Advanced workflow for multi-well tracer test analysis in a geothermal reservoir

Interpretation of tracer tests in geothermal reservoirs is carried out by fitting the measured data either with simplified two-dimensional (2-D) analytical solutions or with complex numerical models. Available analytical solutions commonly only describe isotropic conditions in 1-D or 2-D, which is generally unsatisfactory to construct realistic reservoir models. Moreover, due to the large spatial and temporal scale of a tracer test in deep reservoirs, the concentration levels measured in the field are relatively low due to dispersion that complicates the assessment of breakthrough curve tailing and residence time. Fitting tracer data with fully resolving 3-D numerical models thus may be more appropriate, but even with a rich set of field data, reliable calibration is often compromised by the high computational effort and data hunger of such models.
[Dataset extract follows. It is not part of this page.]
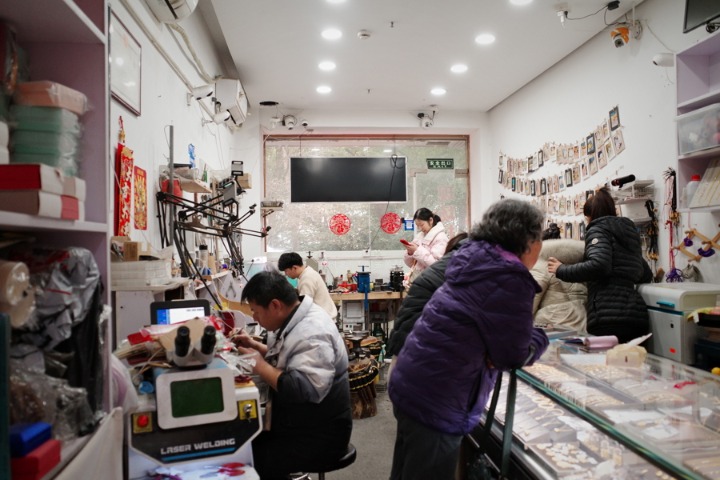 周宝林从2013年起入行,最早是开银饰店,也做金银的销售、加工,慢慢地发展为打金店,店铺从闵行搬到了豫园。“我现在有4家门店,在嘉定安亭也开了一家。”他的业务比较广泛,做黄金回收、做打金生意,也做首饰镶嵌和维修。

In this study, an advanced workflow is presented for evaluating tracer test data. Firstly, a 3-D analytical model in which solute transport is considered in anisotropic porous media is developed. Green's function method is applied to obtain a moving line source solution of the convection-dispersion-diffusion equation for solute transport in a 3-D porous medium. In addition, Green's function equation is analytically convoluted with a rectangular pulse function, which represents tracer injection. Secondly, the analytical model results are fitted to the tracer test data by Monte-Carlo simulations to obtain feasible ranges of flow velocities, as well as longitudinal and transversal dispersivities. Finally, the derived parameter values are implemented in a 3-D numerical model to evaluate the solute residence time in a large-scale reservoir. The results applied to field data from the Kızıldere field in Turkey demonstrate that the workflow provides robust estimates of effective parameters from well-to-well data in complex reservoir systems with anisotropic flow paths. Thus, despite the higher effort of applying convolution and stochastic parameter estimation, the preceding analytical step of the workflow substantially eases numerical model set-up.